On ne peut que spéculer sur l’avenir de ces expériences scientifiques ou pseudo- scientifiques, mais elles modifient notre rapport à la vie, au corps, à notre intériorité, à notre conscience et à notre rapport au temps et à l’espace. En correspondance, l’image numérique n’est pas perçue comme une empreinte, mais comme une représentation labile où tout est envisageable. L'absence d’impression analogique et l'intelligence de ses effets sont vécues, selon les sensibilités et l’attachement aux traditions, comme un manque ou au contraire comme une potentialité infinie. Le spectateur se soucie plus de se rapprocher de l’image comme événement visuel que de ses fondements ontologiques. Nous sommes loin de l’embaumement d’un corps, de sa momification dans des bandelettes parfumées, prenant l'apparence du défunt. Comme le remarque Vincent Amiel :

« Sur nos écrans, les corps s’éloignent. Et la chair, qui palpitait encore dans la matière de la lumière, disparaît de nos représentations électroniques. La surface, peu à peu, remplace la texture. […] Les couleurs, les formes, les densités et le mouvement sont codés, numérisés, […] (construisant) des types de représentation desquels la densité physique se trouve de plus en plus exclue. Avec les facilités contemporaines de transmission, ce sont les qualités sensibles de l’image qui s’éloignent, ce sont ces corps tangibles qui, de Rubens à Salgado, de Vigo à Cassavetes, ont pesé sur le mouvement des êtres, ont pesé sur l’acte et le geste, ont infléchi l’idée ou la narration. Corps lourds, muscles tendus, chairs abandonnées ; ils ont été, pendant des siècles, la part d’image offerte à l’homme, le fragment indicible d’une représentation aux ordres idéologiques successifs par ailleurs trop explicites (religieux, organiques, romantiques…). Sur quels écrans les voir désormais ? Le cinéma sans doute est le dernier (ou le fut-il ?) à offrir au regard un mouvement lesté, non dégagé de la corporéité des formes, où le grain ne s’efface pas au profit de la rapidité d’action, ni la matière au profit du récit.53 »

52 Ibid., p. 141

Les images synthétiques se sont libérées des actes de transsubstantiation qui définissaient les rituels funéraires antiques mais elles accordent, elles aussi, une place essentielle à l’interaction avec les sens. Le virtuel délivre du lien direct avec un corps mais il ambitionne d’imiter et de développer ses capacités.
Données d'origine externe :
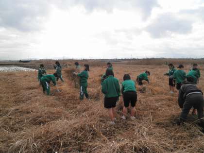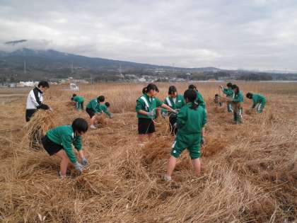 1月31日(日)、浮島地区の休耕田で草刈りのボランティア活動に本校の1・2年生33名が参加しました。
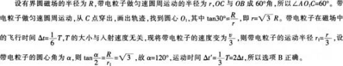 问题 如图所示,圆形区域内有垂直于纸面向里的匀强磁场,一个带电粒子以速度υ从A点沿直径AOB方向射人磁场,经过△t时间从C点射出磁场,OC与OB成60。角。现将带电 变为(  )。
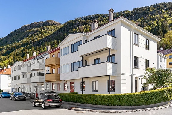 Leiligheten har en fantastisk beliggenhet i Formannsvei, en sjarmerende og særdeles attraktiv gate midt i Sandviken. Området er kjent for sin sentrale men samtidig rolige og tilbaketrukne beliggenhet. Få minutters gange til Bryggen, og ellers alt sentrum har å by på. Kort vei til buss, søndagsåpen nærbutiikk og badeplass. Det følger med en utebod på 5 m2 , hvor man kan plassere sykler/ sparkesykkel og annet. Buss, linje 10, 4 min gangavstand.
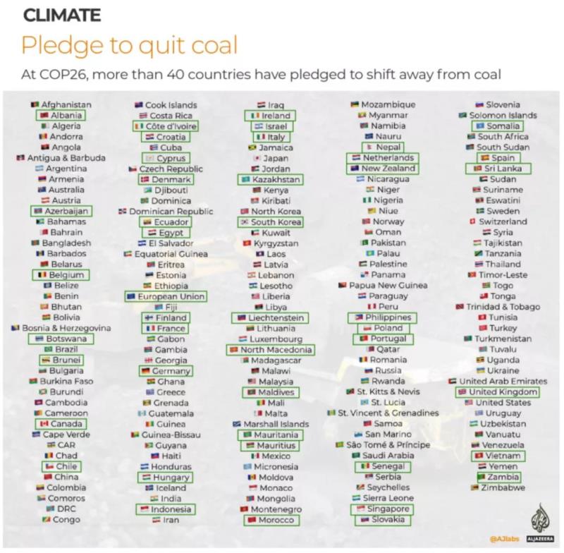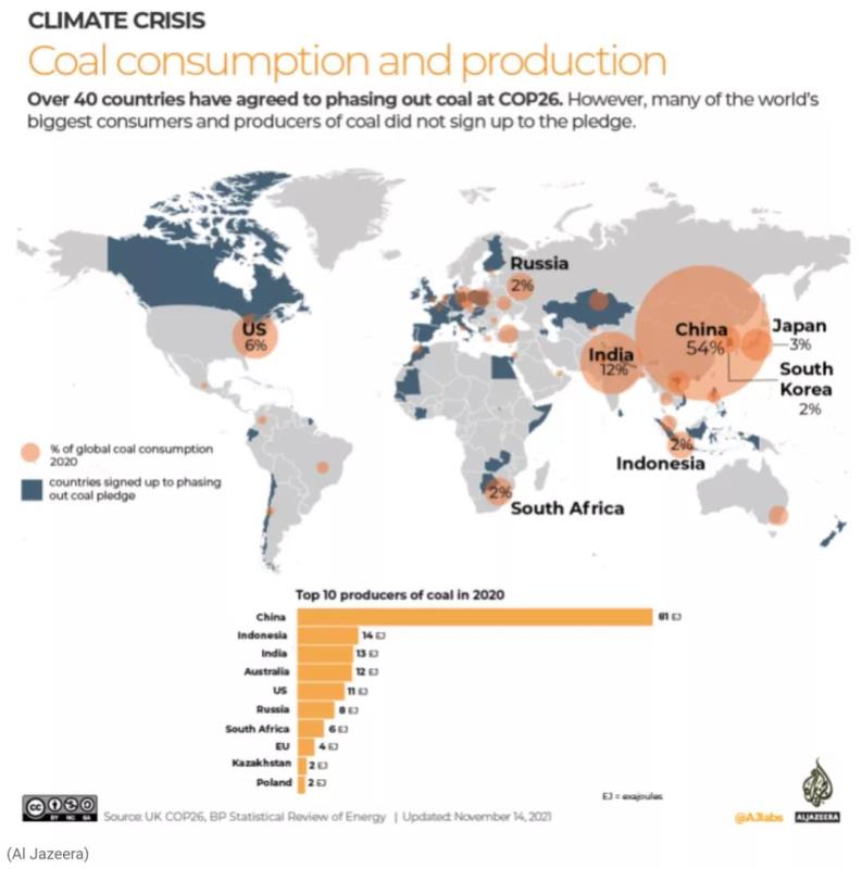 全球40多個(gè)國家同意逐步停止使用煤電,23個(gè)國家簽署了COP26煤電向清潔能源過渡協(xié)議,承諾停止建設(shè)和發(fā)放新煤電廠的許可證,主要國際銀行還承諾在2021年底前結(jié)束對(duì)新煤電的國際公共融資。然而,一些最大的煤炭生產(chǎn)國和消費(fèi)國沒有加入該協(xié)議,包括中國(去年占全球煤炭消費(fèi)量的54%)。其他明顯缺席的國家還有印度、美國和澳大利亞,它們與中國一起占全球煤炭消費(fèi)量的近四分之三。
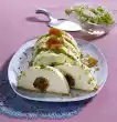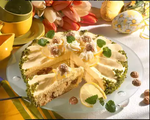 Now use a spoon or knife to spread waves into the cream from the edge of the cake to the centre. Press pistachios or almonds to the edge and sprinkle a little in the spaces between the waves. Put the cake in a cool place for 3-4 hours.

La symbolique du numérique, où se conjuguent les apports des sciences cognitives, telles les neurosciences en lien avec la psychologie et l’intelligence artificielle comme avec la philosophie et la linguistique, n’échappe pas aux « mystères de l’esprit » et aux rapports de ce dernier avec la matière.
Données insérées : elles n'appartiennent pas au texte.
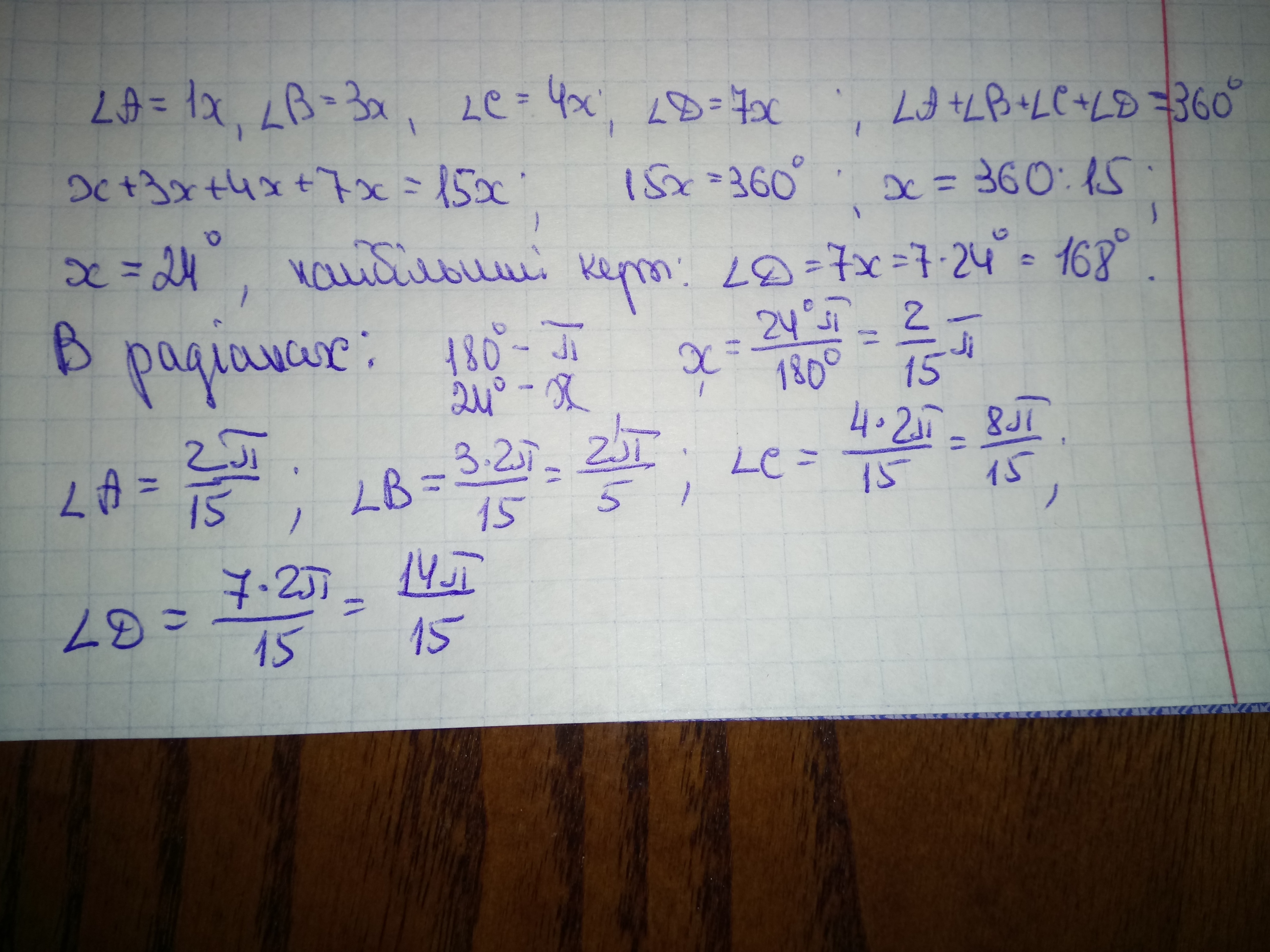 Знайдить знайбильш из кутив чотирикутника якщо вони относяться як 1:3:4:7 знайдить радиание мера його купив
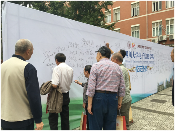 从早上九点开始,陆续迎来昔日8bo即时比分 的学子,他们有的年过半百,有的风华正茂,络绎不绝地赶到校友签到处,在老师的带领下,在8bo即时比分 提前准备好的休息室里回忆往事,相谈甚欢。今年8bo即时比分 不光准备了校庆餐券给广大校友,还有特别定制的四川大学120周年校庆校徽,除此之外还有精心制作的签名墙供大家签名留影。还有8bo即时比分 e发基金活动也受到了校友们的重视,许多校友在现场进行捐赠,希望为8bo即时比分 建设出一份力。整个签到活动持续全天,从早到晚,校友接踵而至,8bo即时比分 门口熙熙攘攘。在基础教学楼前,8bo即时比分 还进行了双创活动的展示,将8bo即时比分 老师以及同学的一些杰出成果展示给参加校庆的所有校友,大家都拿出自己的杰出作品得到了老师和校友们的赞赏,吸引了许多同学驻足。
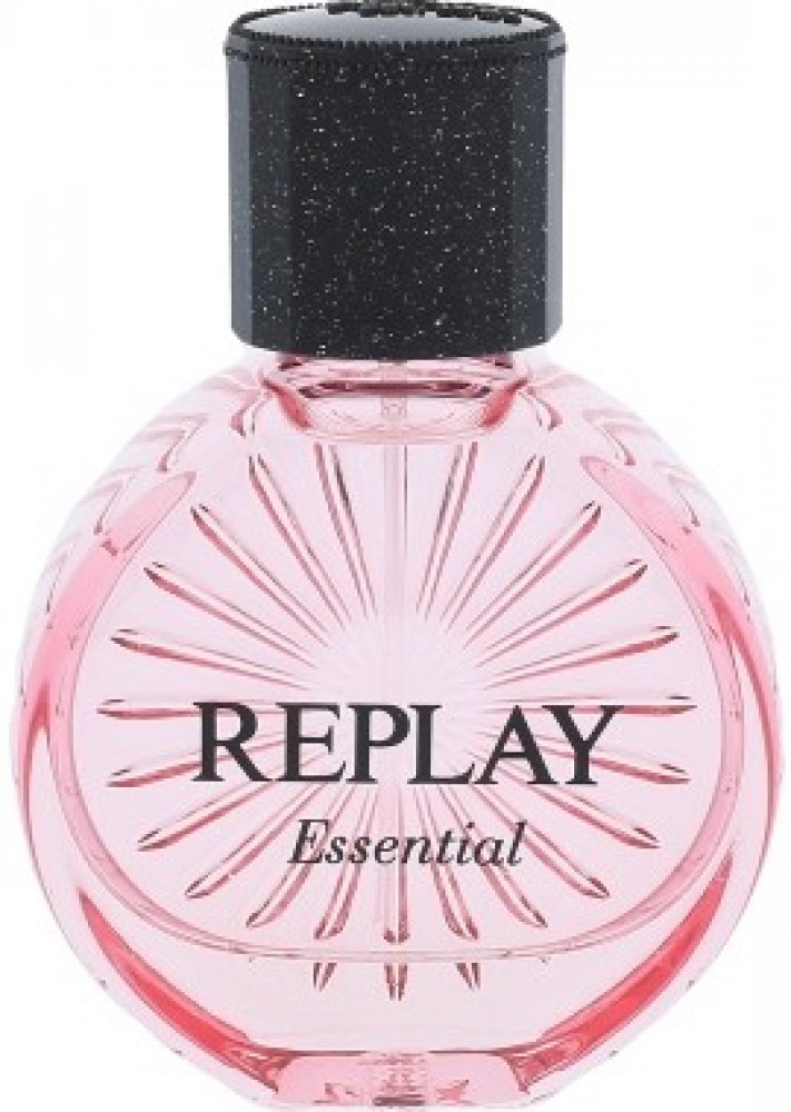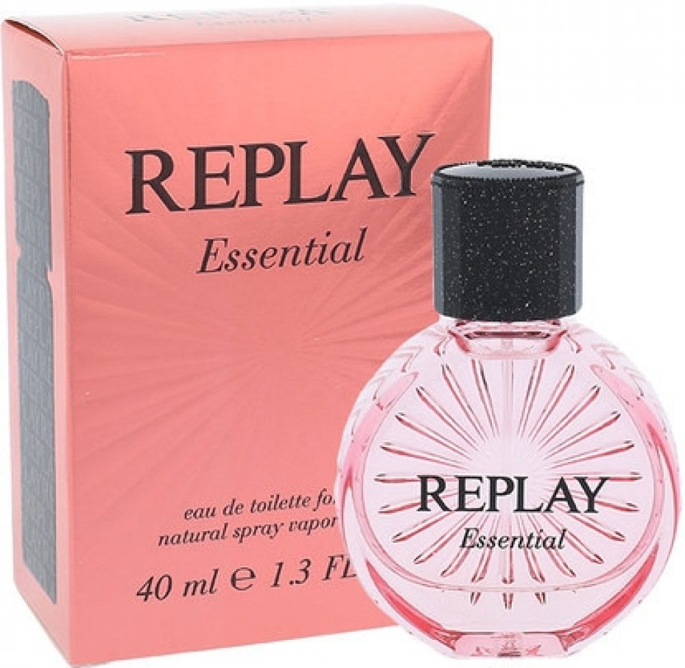 Replay 40 ml dámské toaletní vody květinové romantické a smyslné Essential For Her mainstreamové bergamot, cassis, pomeranč, zelené jablko frézie, hloh, lotus, slunečnice cedr, karamel, pižmo, santalové dřevo, vanilka jarní kompatibilní s bergamotem, s zeleným jablkem, s vanilkou Replay klasické TSA kompatibilní (≤100ml) rozprašovač standardní

L’embaumement s’est changé en cryogénisation. La préservation des organes dans les vases canopes se reconnaît dans la cryoconservation des tissus et des cellules. Les nanotechnologies qui permettraient la régénération des tissus et des organes au niveau moléculaire pourraient inverser le cours de la vie. Les sciences ou pseudosciences expérimentales tentent d’exorciser le temps et les lois naturelles. Elles s’accompagnent du rêve d’ajourner le vieillissement, de perpétuer le fonctionnement des organes vitaux et ainsi de subsister au-delà des limites naturelles. Parallèlement, les représentations répondent à un besoin psychologique, intellectuel et moral profond car elles reflètent notre propre expérience, l’intimité de l’être, la projection de soi, vivre, exister, physiquement, mentalement en tant que sujet et objet de l’autre. Elles proposent d’expérimenter une nouvelle dimension de l’être dans laquelle nous projetons notre désir de voir plus loin, en profondeur mais d’une autre manière.